China constrói réplica de avião do Japão para treinar ataques

Avião da força de autodefesa aérea do Japão, AWACS (E-767, sistema de alerta e controle aéreo), que serviu de base para construção da réplica usada no treinamento de ataque militar da China. (Foto: Getty Images)
Avião da força de autodefesa aérea do Japão, AWACS (E-767, sistema de alerta e controle aéreo), que serviu de base para construção da réplica usada no treinamento de ataque militar da China. (Foto: Getty Images)

A China construiu uma réplica de um avião que as forças aéreas do Japão usam em seu sistema de defesa, é o que mostram imagens feitas por satélites de uma região deserta perto de Xinjian.

As afirmativas são de uma reportagem publicada no site Nikkei Asia nesta quinta-feira (19). As imagens são da empresa de imagens por satélite Planet Labs, dos Estados Unidos.

Supõem-se que a área da China onde a imagem foi registrada é uma zona especial controlada pelos militares chineses.

A fotografia mostra uma estrutura com a forma de um avião, com dois motores e um radar em forma de disco, que é uma característica de um modelo específico de avião da força aérea japonesa.

A aeronave chinesa parece ter sido inspirada no modelo E-767 das forças aéreas japonesas, um avião de fabricação da Boeing. Há quatro aviões no mundo, e todos estão em uma base aérea em Hamamatsu, de acordo com informações do Ministério da Defesa japonês.

O modelo tem capacidade de interceptar outras aeronaves. Em uma possível situação de conflito, esses modelos seriam empregados para fazer buscas por outros aviões em regiões distantes dos confrontos.

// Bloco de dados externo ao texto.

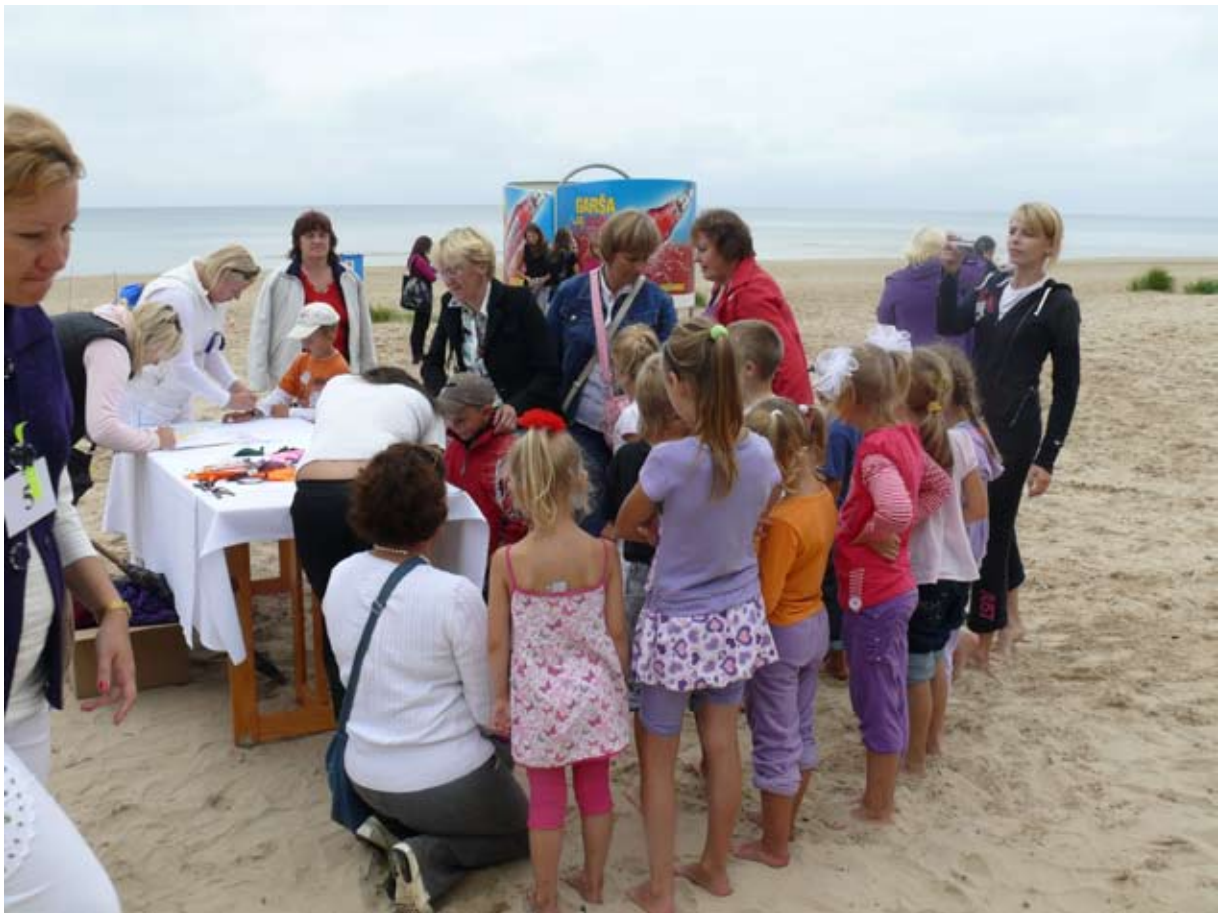
Dalībnieku reģistrācija. Регистрация участников.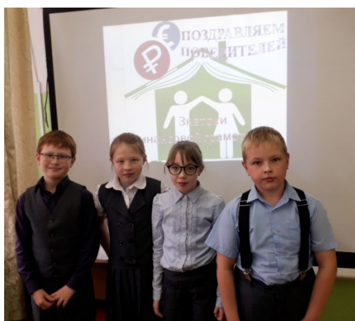
Команда 4 «в» класса «Богачи» – победители игры «Знатоки финансовой грамотности» Набрали 350 «монеточек»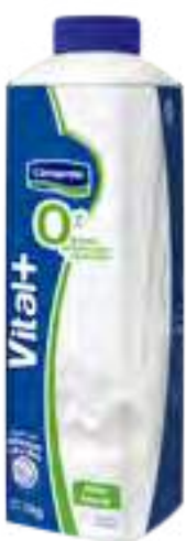
Natural 0% Cont. Neto 1 kg

0% grasa, 0% colesterol, sin azúcares agregado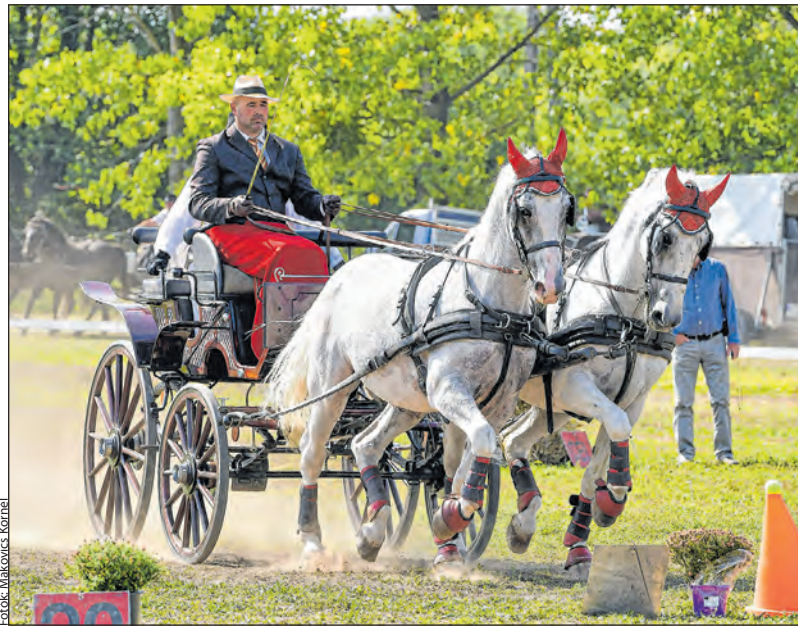
Szép lovakban, fogatokban most sem volt hiány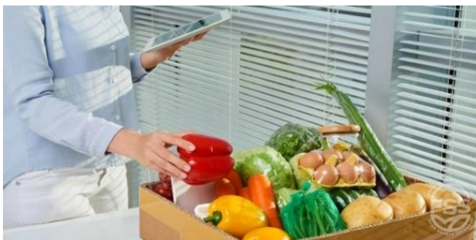
انځور- ( 18 )، صحیح ډول د خوړو پېرودل.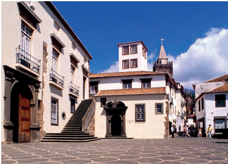
Het historisch centrum van Funchal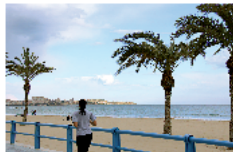
Playa del Postiguet. Valencia.

Aeronaves como essas podem ser usadas pelos militares chineses como uma forma de simular ataques aos aviões da força aérea do Japão com mísseis, de acordo com um ex-oficial de alta patente das forças armadas japonesas que foi entrevistado pelo site Nikkei Asia, mas pediu para não ser identificado.

Anteriormente no deserto de Xinjiang também foi fotografado um modelo em escala real de um navio porta-aviões americano e de um navio menor, de combate, também americano.

Um alerta foi emitido pelos EUA, que nos últimos meses a China tem expandido rapidamente suas forças armadas, incluindo suas capacidades nucleares, à medida que a tensão aumenta no Mar do Sul da China.

A China foi considerada, no início deste ano, suspeita de realizar um teste de míssil hipersônico com capacidade nuclear — mísseis que podem voar na atmosfera com velocidade superior a mais de cinco vezes a do som — o que gerou preocupação em Washington.

Na época do episódio, o governo chinês negou as acusações e disse que se tratava de uma verificação de rotina.